The databases we’ve become so accustomed to that were built pre-internet just aren’t going to cut it at the scale we’re anticipating – there’s now 2.5 petabytes of data produced daily. SQL queries and relational database systems are not up to the task of sifting through unstructured data, which makes up 80% of the average business’ stored information. This is cumbersome to store, and problematic for the large-scale and high-speed stream of data to and from a database that is needed to power the developing data-hungry technologies.
It’s time to explore new and emerging forms of technology that can manage data as AI, IoT and enhanced analytics are deployed across industries.
Blockchain technology and its role in data storage
Blockchain shows real potential to these ends. Instead of housing data in the traditional centralised silos we’ve seen to date, distributed ledger technology allows it to be broken up and scattered across a number of nodes. The advantages to this are numerous; not only does it guarantee a vastly more secure means of storage (there’s no central point of failure), but it opens the door to mechanisms such as swarming, which leverages peer-to-peer connections to ensure that fragments of files can be remitted to their owners with as little latency as possible (much like torrenting). Using a blockchain to these ends adds an incentive layer – native tokens can be used to encourage peers to store and replicate files.

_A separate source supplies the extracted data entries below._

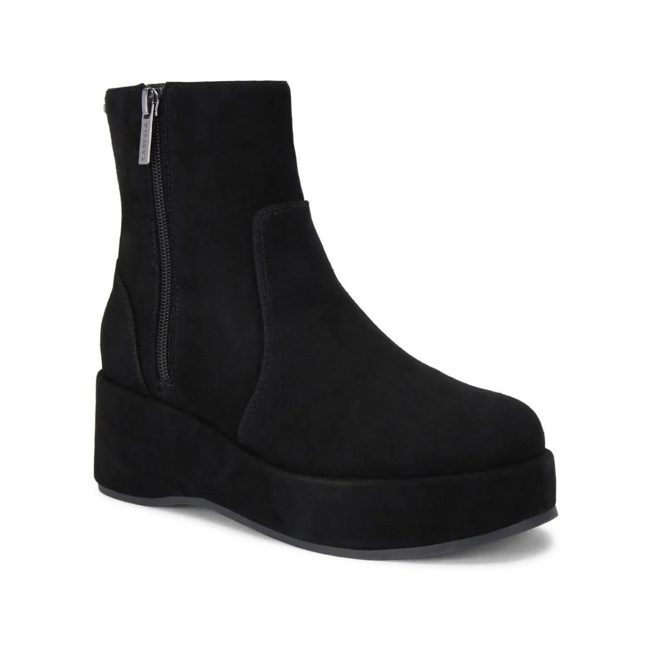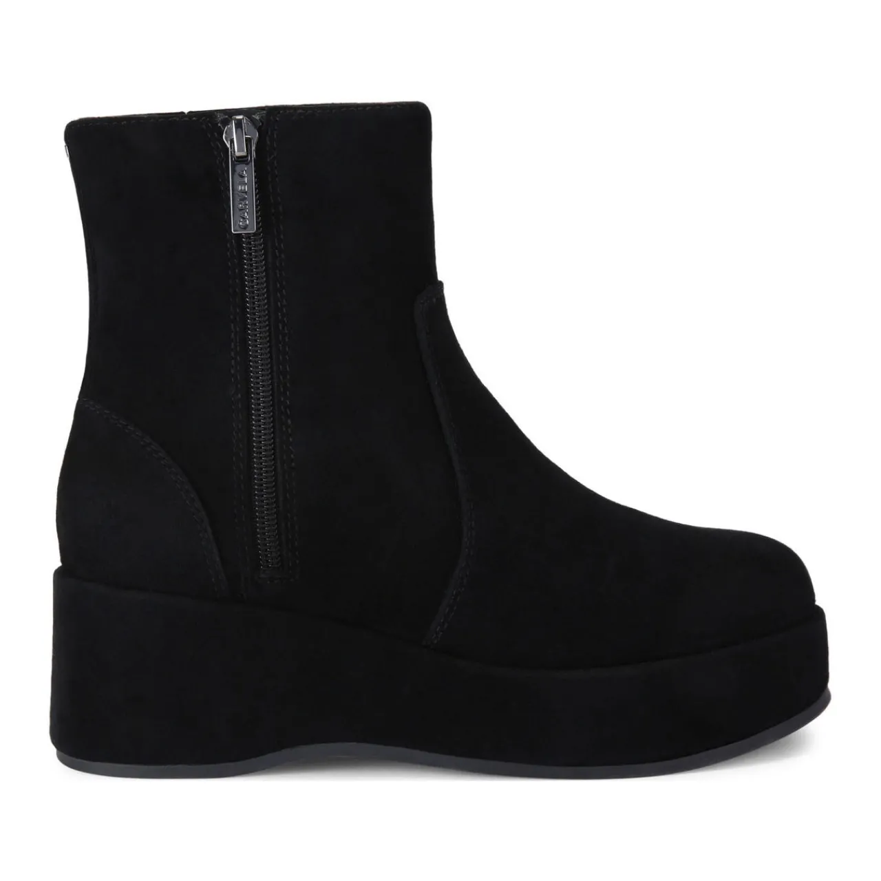 - Suede upper, side zip fastening, gunmetal branded zip tab, brand heel stud, round toe, platform sole, ‘All Day Long’ technology
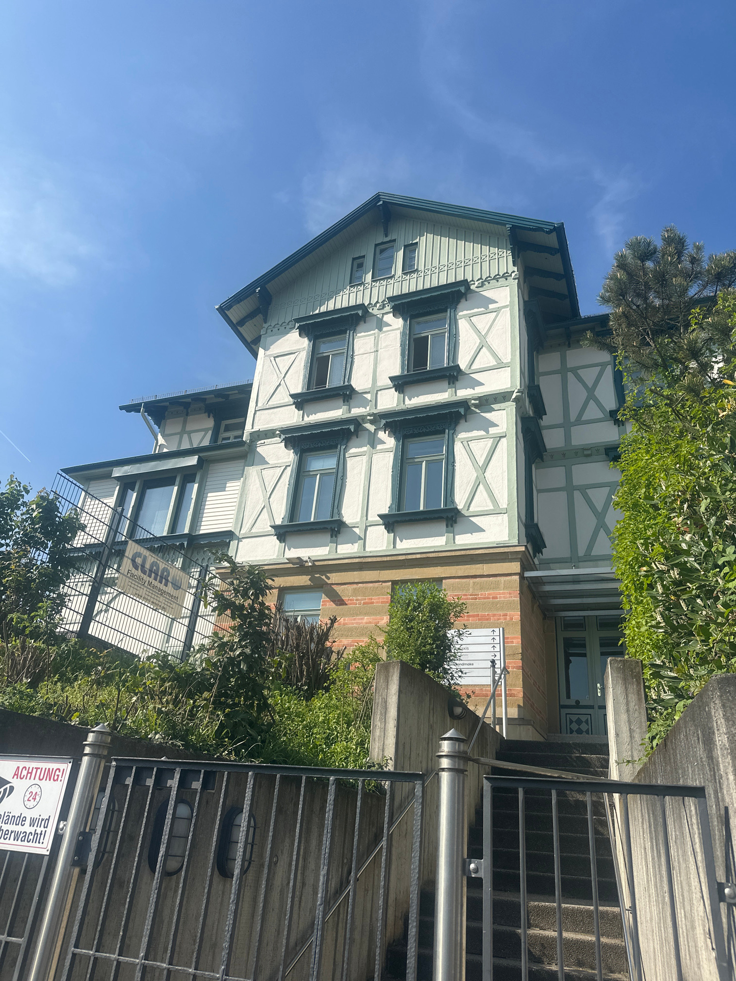 The image, originally oriented 90 degrees clockwise, captures a multi-story building with traditional German architectural elements under a clear blue sky during daylight hours in Stuttgart, Germany.…read more
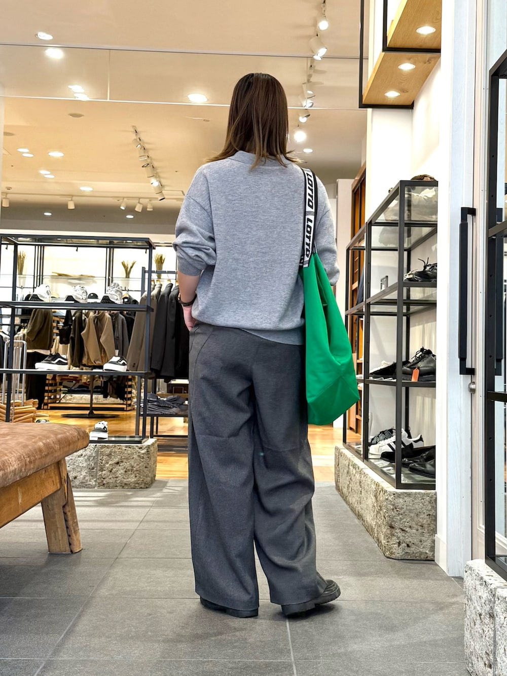 このカーブパンツは形が本当に綺麗で、ワイドだけどしなやかな生地なのでとろみが出てカジュアルすぎずきれいめすぎず!なところがポイント◎

Such a network is incredibly efficient for high-throughput applications. It’s important that a proper structure is put in place as IoT takes off – interconnected devices stream data between each other constantly. Relying on a centralised server to process such colossal amounts of data is risky, as all devices connected are at the mercy of this centralised server, which is prone to downtime or congestion at peak times. With a distributed architecture, however, this is not an issue. As interactions are peer-to-peer, not only is the strain on the network reduced, but the system is never down. If one (or indeed, several) nodes go offline, redundant storage means that the data can be pulled from other sources.
Data in AI
There’s a lot of buzz around using AI in an enterprise setting. In all the hype though, it seems that we forget the key ingredient for training neural networks: data. The more of it that can be processed through machine learning algorithms, the better the insights and predictions that can be gleaned are. It’s imperative that we move to a system that is better ordered than our current model. There are hundreds if not thousands of use cases that seek to build atop blockchain infrastructure for facilitating the development of artificially intelligent software – there’s everything from allowing individuals to monetise their own information for training purposes, to decentralised applications building marketplaces for AI components.
We speak a lot about the importance of IoT, AI and big data, and their roles in shaping industries. To ensure that we can flesh these out to be the revolutionary vehicles for change they’re hyped to be, we need to focus on organising data properly. I strongly believe blockchain technology is key to building a highly resilient and secure infrastructure that can support the data needs of today.